Полная луна, отражаясь от реки, освещала заросли бамбука, непролазную, в рост человека, стену кустарника, круто обрывающуюся у илистого берега. Ветви кое-где доставали до воды, корни, выдаваясь из земли, были словно щупальца чудовищ, огромные лианы напоминали змей… Казалось, здесь не ступала никогда нога человека. Однако это было не так. У излучины реки, где открывалась глубокая заводь, покачивались у причала два моторных катера. Широкая, выложенная камнями дорожка вела от пристани в глубь леса, где располагался поселок — взлетно-посадочная полоса, вертолетные площадки, бараки для жилья, ангары, спортивный городок.
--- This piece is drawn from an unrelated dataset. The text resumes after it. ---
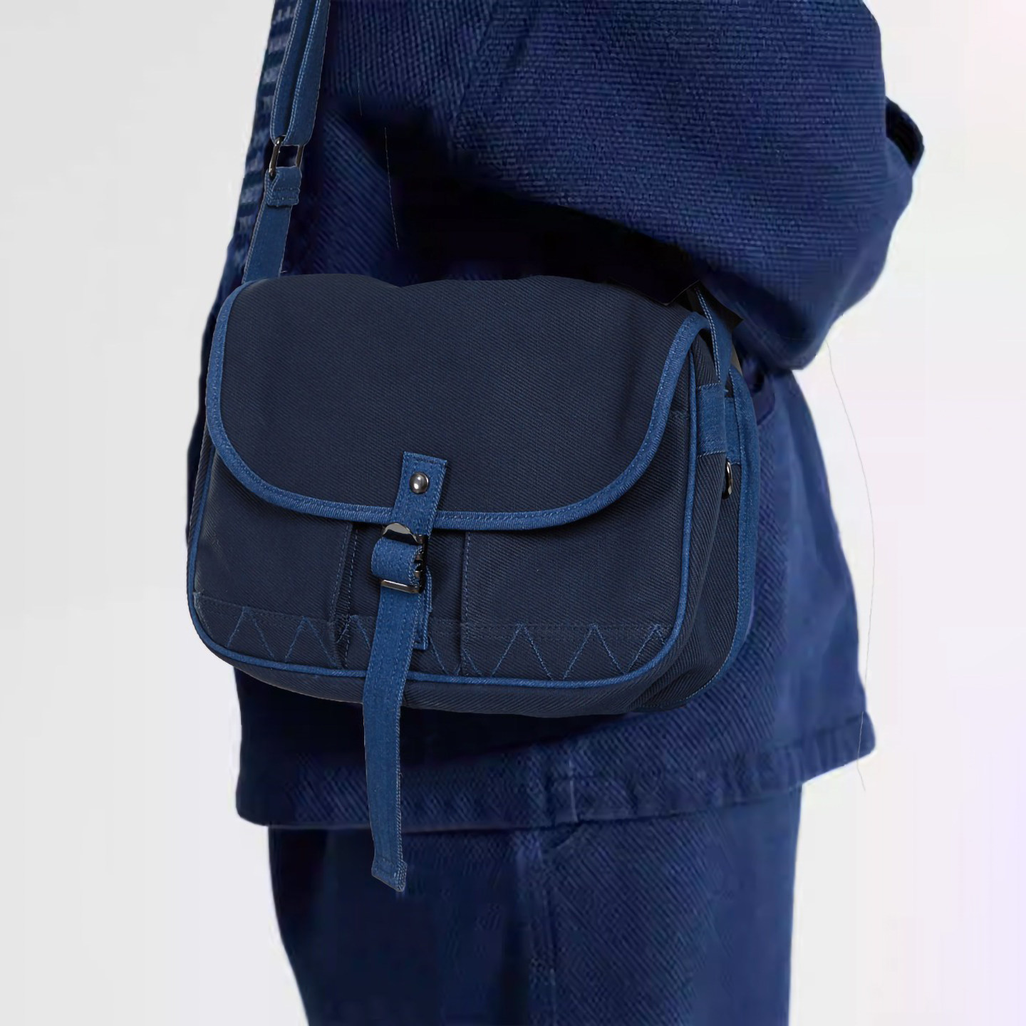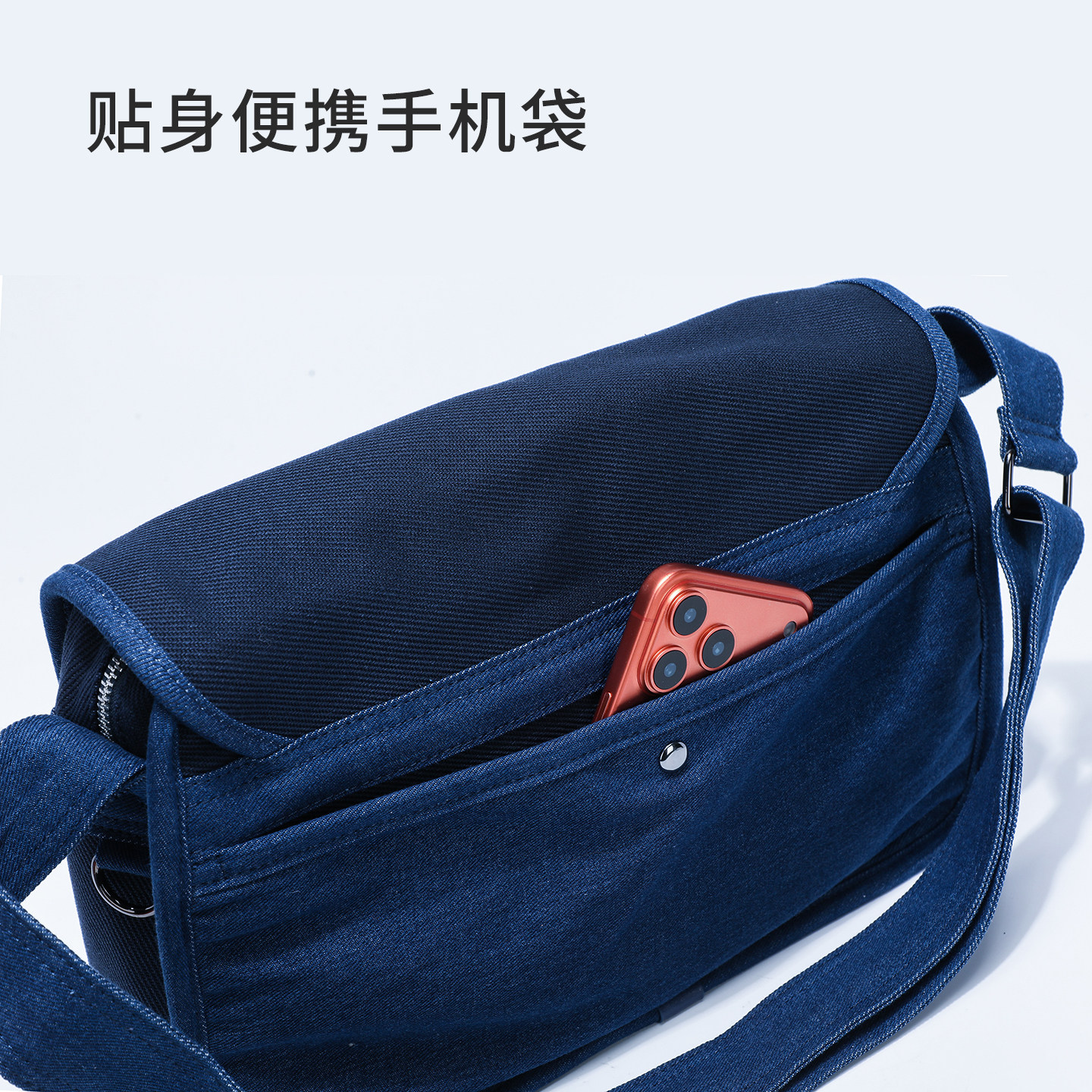 📚 男士斜挎包靛蓝色日系简约通勤工装轻便男包外出大容量单肩帆布包

Мерно работали двигатели дизель-генераторов, лаяли, одуревая от запахов, сторожевые псы, часовые на караульных вышках буравили ночь мощными прожекторами. Поселок, словно затаившийся хищник, был начеку…
В стороне от этого оазиса цивилизации на берегу реки весело потрескивал костер. Пахло дымом и вонью паленой шерсти — языки пламени лизали обезьяну-муравьеда, приготовляемую по-походному, на вертеле. Выпотрошенную, но не ободранную, с головой, лапами и хвостом. Внутренности ее, завернутые в пальмовые листья, доходили в углях.
У костра сидели двое: пожилой немец Курт Циммерман и светловолосый юноша лет двадцати. Вообще-то ему было только шестнадцать, но — крепкий, широкоплечий, рослый — он выглядел куда старше своего возраста. Оба молчали. Юноша, подпирая щеку, уставился на огонь, мужественное, с правильными чертами лицо его цветом напоминало бронзу.